● **Exercise requirements**: Setting pictures aside, output exactly the lines from the start of the records to the line with "This paper identifies", that line included.

[Opening Record set section]

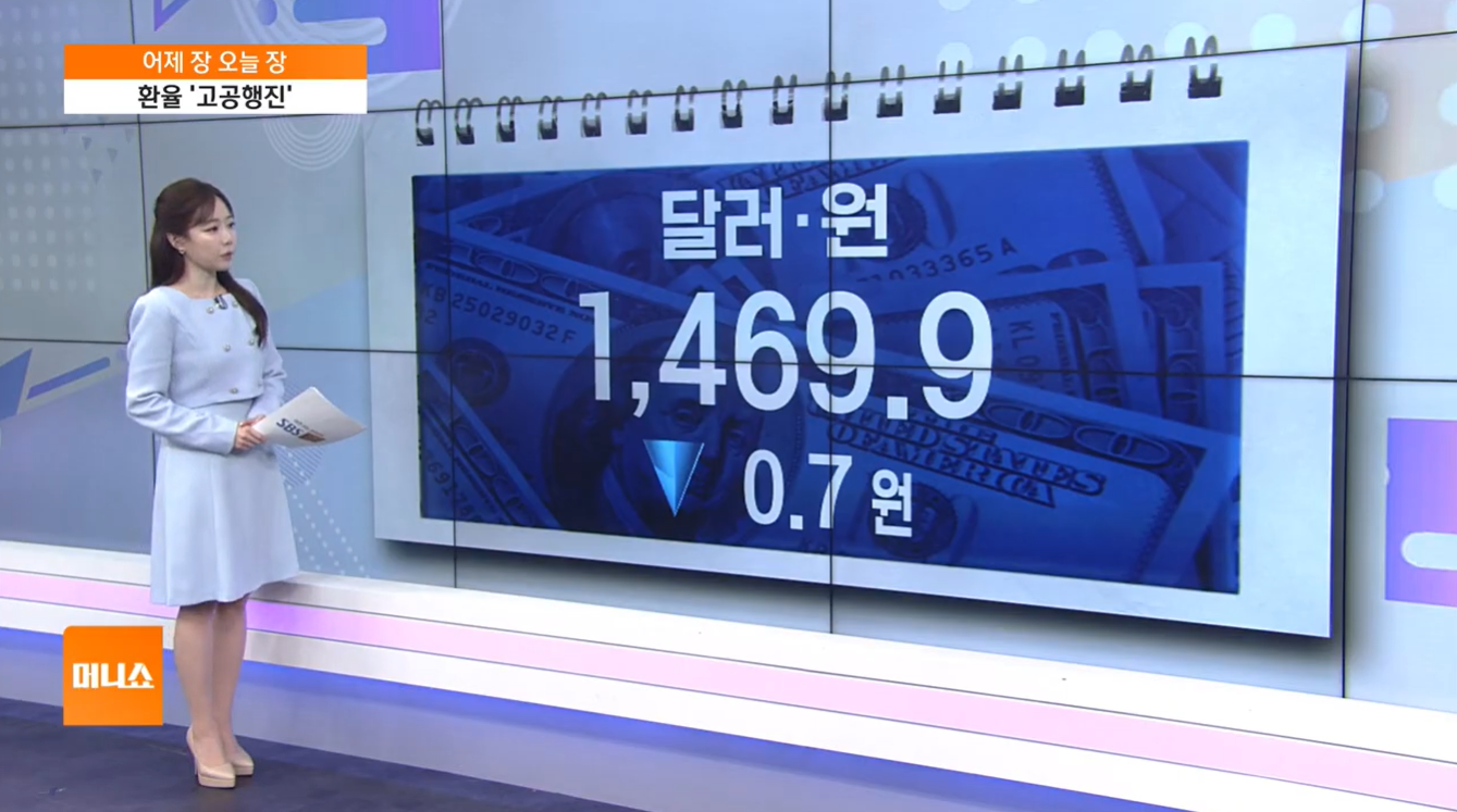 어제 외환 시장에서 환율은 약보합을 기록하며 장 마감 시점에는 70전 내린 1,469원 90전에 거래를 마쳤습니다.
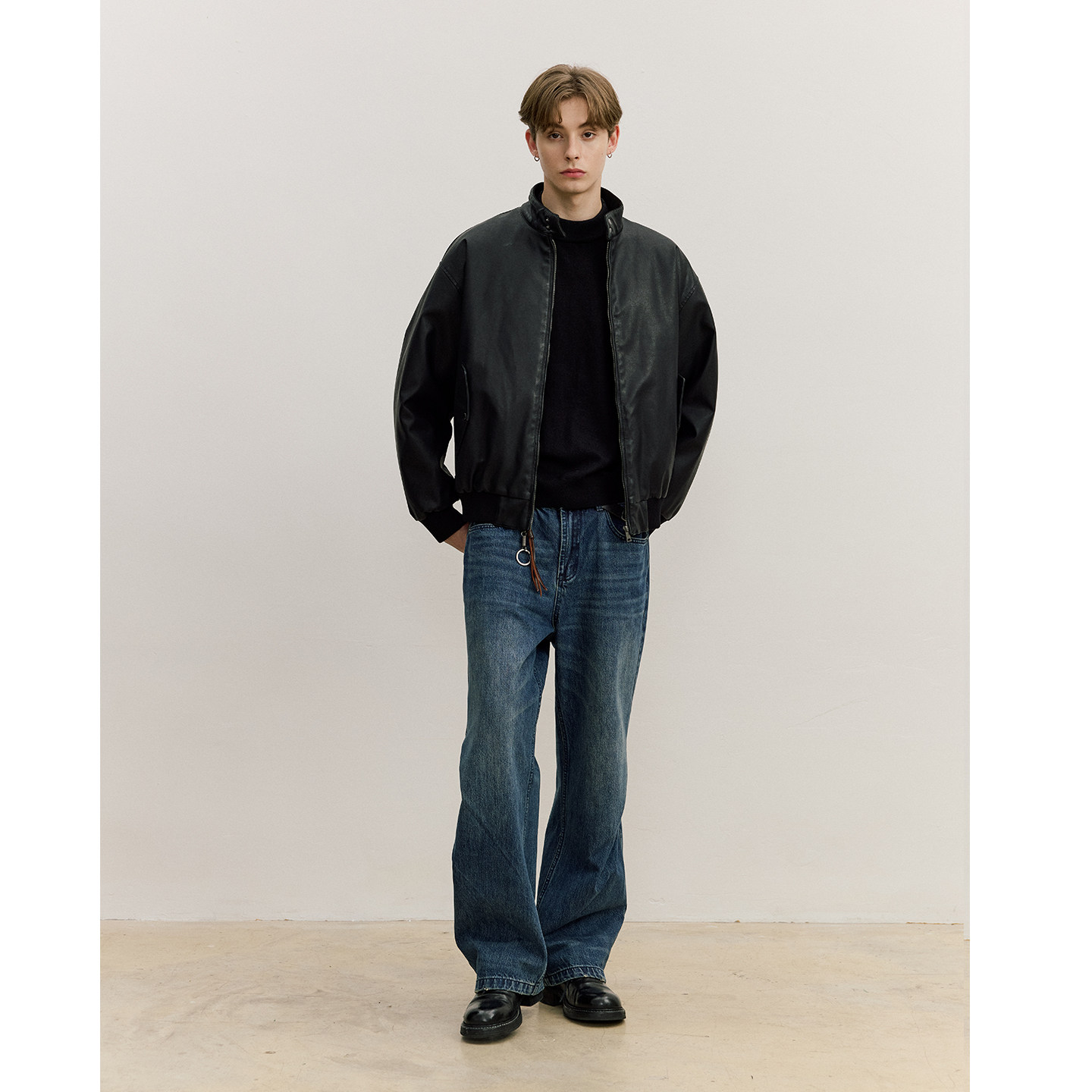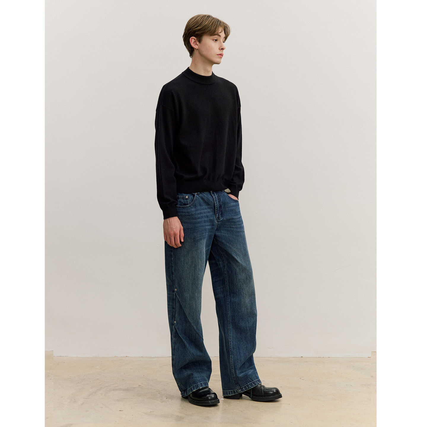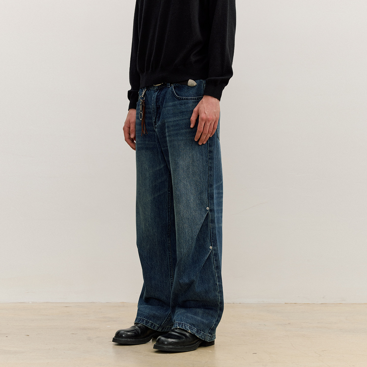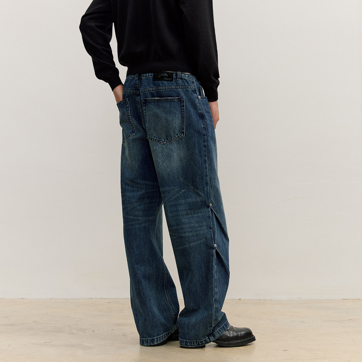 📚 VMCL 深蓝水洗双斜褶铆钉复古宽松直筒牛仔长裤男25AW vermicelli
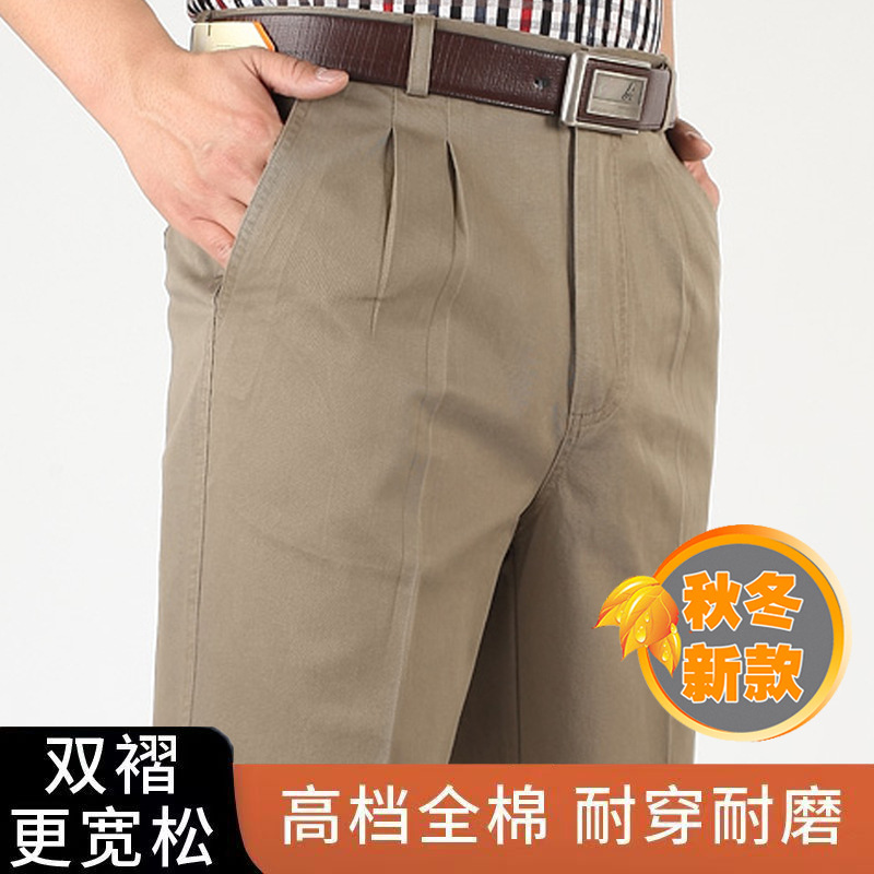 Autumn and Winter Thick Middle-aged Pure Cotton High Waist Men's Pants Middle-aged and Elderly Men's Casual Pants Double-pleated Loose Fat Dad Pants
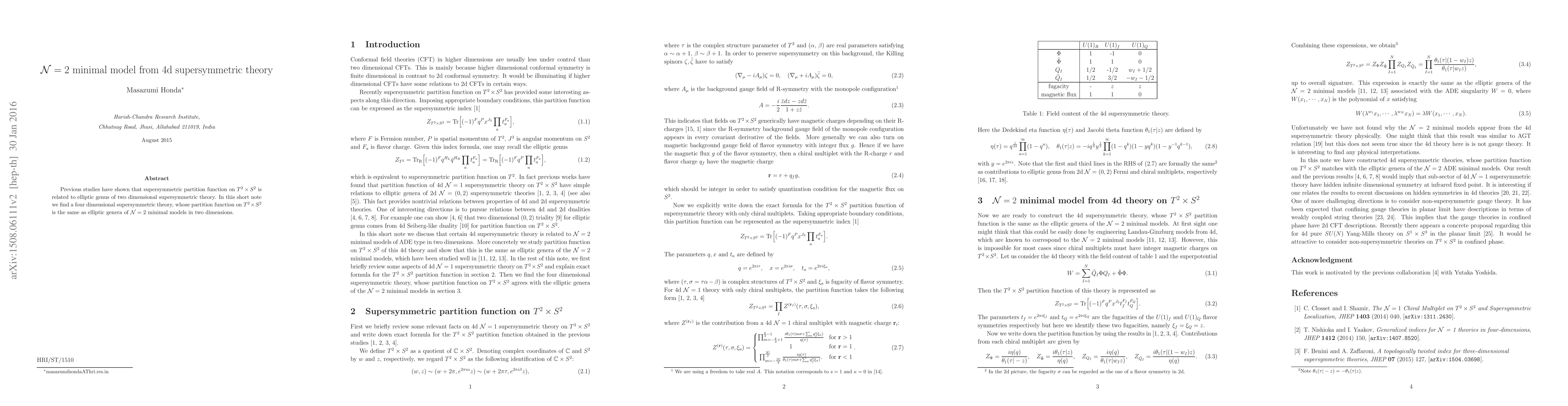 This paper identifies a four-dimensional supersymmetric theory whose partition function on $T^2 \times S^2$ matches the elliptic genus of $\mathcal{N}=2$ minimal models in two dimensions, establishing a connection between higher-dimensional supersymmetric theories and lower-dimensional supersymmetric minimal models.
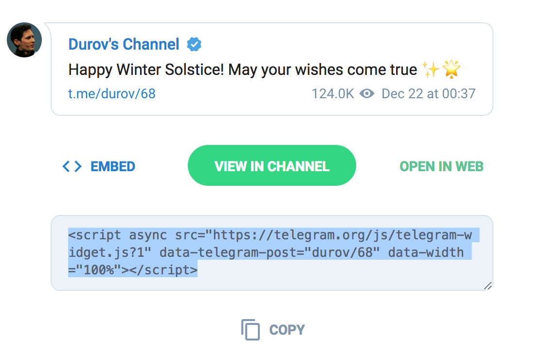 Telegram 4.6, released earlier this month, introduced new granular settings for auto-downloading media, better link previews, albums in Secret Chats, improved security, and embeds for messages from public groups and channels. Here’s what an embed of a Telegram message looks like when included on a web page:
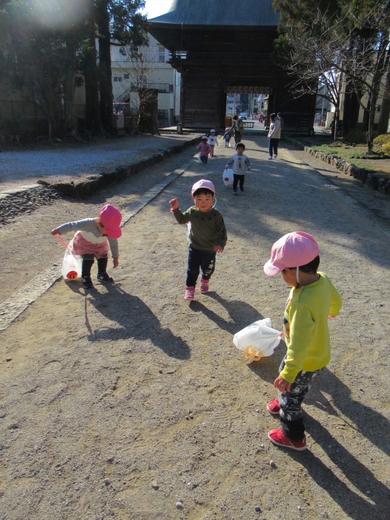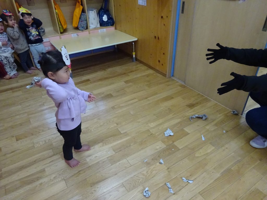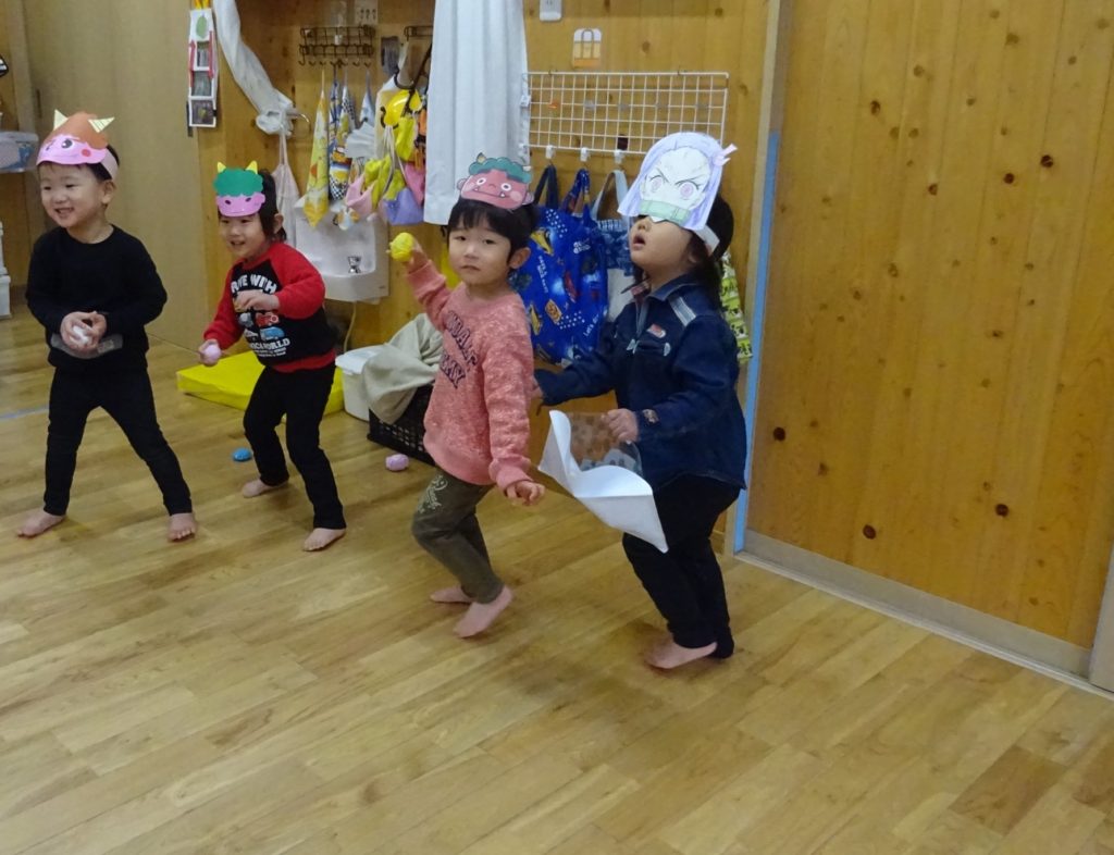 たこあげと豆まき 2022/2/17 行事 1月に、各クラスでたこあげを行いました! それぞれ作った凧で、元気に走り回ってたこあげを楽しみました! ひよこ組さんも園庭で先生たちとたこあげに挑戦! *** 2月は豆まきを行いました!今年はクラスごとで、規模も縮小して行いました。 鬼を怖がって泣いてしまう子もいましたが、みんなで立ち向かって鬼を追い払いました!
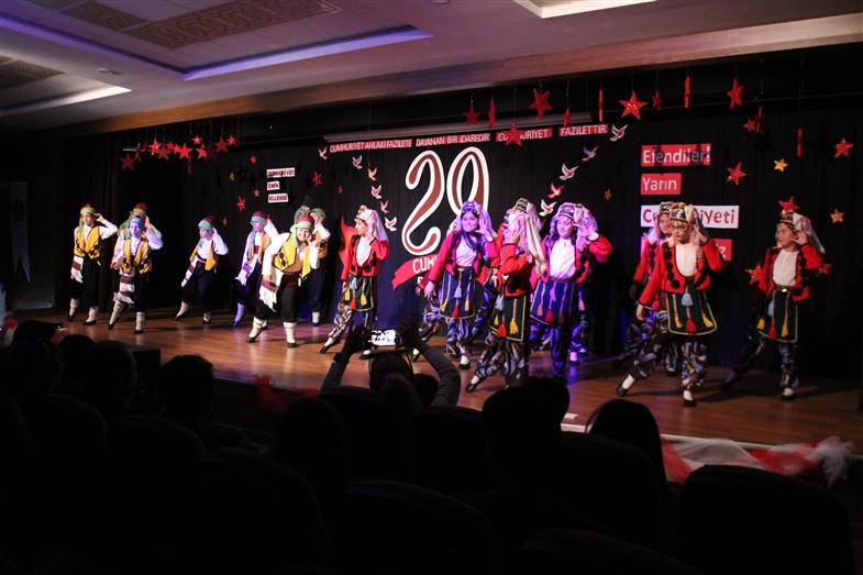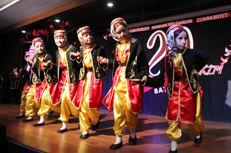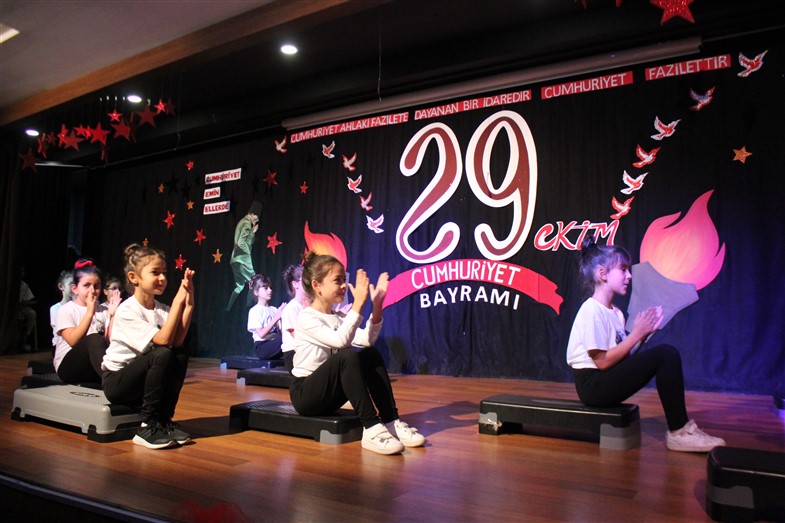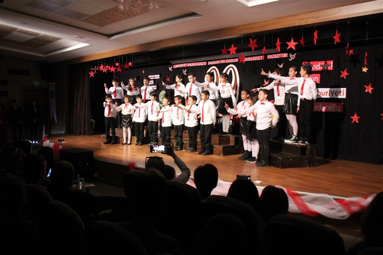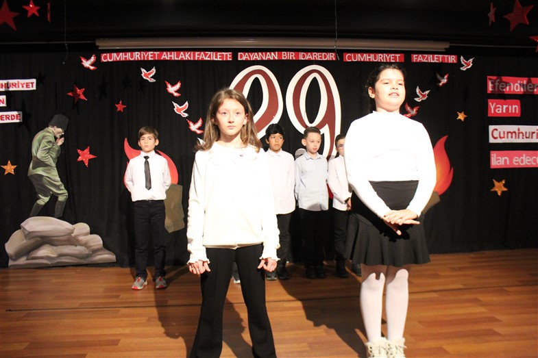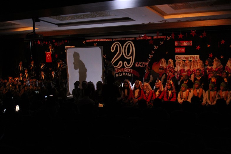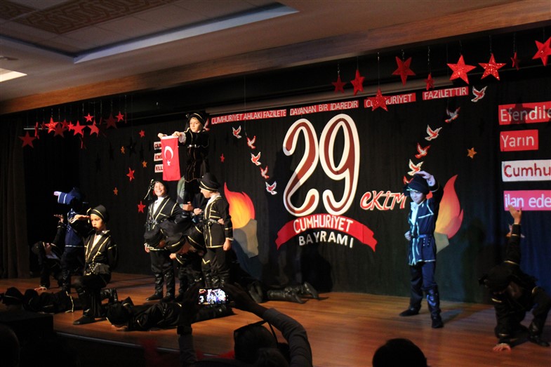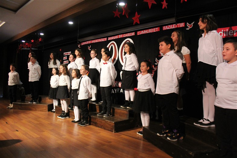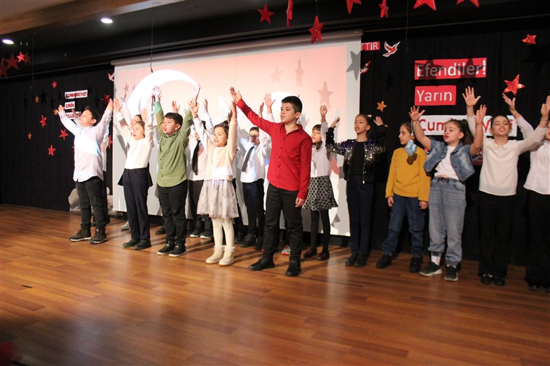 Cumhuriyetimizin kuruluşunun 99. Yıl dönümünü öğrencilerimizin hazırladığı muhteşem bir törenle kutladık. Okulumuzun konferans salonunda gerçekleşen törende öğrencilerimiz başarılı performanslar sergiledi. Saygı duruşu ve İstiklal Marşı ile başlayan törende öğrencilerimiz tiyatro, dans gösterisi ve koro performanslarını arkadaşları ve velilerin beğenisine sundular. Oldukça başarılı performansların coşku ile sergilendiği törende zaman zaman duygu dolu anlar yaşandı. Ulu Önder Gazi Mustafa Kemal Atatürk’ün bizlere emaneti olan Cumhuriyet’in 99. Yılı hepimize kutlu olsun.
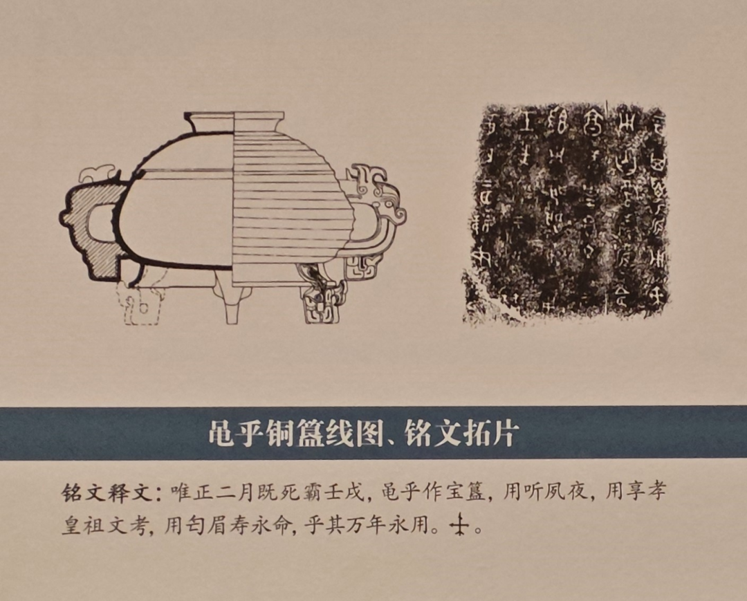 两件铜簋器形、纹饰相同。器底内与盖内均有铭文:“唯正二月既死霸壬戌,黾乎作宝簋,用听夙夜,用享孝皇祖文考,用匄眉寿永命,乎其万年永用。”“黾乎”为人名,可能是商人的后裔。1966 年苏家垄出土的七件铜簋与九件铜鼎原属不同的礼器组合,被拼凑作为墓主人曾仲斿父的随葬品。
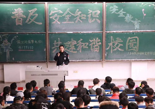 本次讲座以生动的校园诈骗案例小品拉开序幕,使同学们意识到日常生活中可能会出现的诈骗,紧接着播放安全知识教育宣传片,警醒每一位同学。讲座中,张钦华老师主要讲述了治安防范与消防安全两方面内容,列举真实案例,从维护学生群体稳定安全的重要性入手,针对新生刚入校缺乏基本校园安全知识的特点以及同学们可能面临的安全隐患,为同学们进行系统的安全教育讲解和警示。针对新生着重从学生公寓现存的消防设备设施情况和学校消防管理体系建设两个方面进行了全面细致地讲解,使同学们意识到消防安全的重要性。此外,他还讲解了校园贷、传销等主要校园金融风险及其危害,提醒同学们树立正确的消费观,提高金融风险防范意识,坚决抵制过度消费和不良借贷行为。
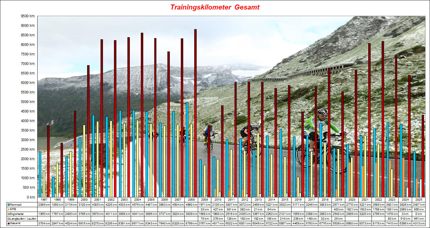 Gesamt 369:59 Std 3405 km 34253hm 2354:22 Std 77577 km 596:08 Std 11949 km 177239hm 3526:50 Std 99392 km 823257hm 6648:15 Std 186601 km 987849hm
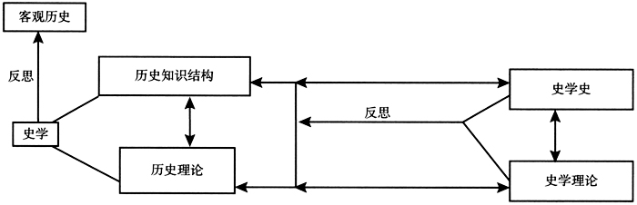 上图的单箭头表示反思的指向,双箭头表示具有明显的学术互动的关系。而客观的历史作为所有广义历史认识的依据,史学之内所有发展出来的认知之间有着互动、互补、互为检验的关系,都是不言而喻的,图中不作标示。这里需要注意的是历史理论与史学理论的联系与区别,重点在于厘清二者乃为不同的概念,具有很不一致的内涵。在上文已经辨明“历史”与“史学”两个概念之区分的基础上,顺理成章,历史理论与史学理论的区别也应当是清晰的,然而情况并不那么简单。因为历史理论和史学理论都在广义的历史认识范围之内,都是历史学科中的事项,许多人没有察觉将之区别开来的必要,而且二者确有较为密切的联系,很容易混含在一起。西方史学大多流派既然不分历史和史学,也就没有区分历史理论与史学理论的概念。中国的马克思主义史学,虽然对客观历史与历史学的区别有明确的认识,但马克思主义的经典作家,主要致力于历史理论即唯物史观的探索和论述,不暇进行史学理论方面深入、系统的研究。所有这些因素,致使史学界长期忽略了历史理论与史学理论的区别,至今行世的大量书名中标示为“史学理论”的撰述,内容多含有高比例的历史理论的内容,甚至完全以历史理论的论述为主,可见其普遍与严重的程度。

[Closing Record set section]

● **Answer section**:
 어제 외환 시장에서 환율은 약보합을 기록하며 장 마감 시점에는 70전 내린 1,469원 90전에 거래를 마쳤습니다.
 📚 VMCL 深蓝水洗双斜褶铆钉复古宽松直筒牛仔长裤男25AW vermicelli
 Autumn and Winter Thick Middle-aged Pure Cotton High Waist Men's Pants Middle-aged and Elderly Men's Casual Pants Double-pleated Loose Fat Dad Pants
 This paper identifies a four-dimensional supersymmetric theory whose partition function on $T^2 \times S^2$ matches the elliptic genus of $\mathcal{N}=2$ minimal models in two dimensions, establishing a connection between higher-dimensional supersymmetric theories and lower-dimensional supersymmetric minimal models.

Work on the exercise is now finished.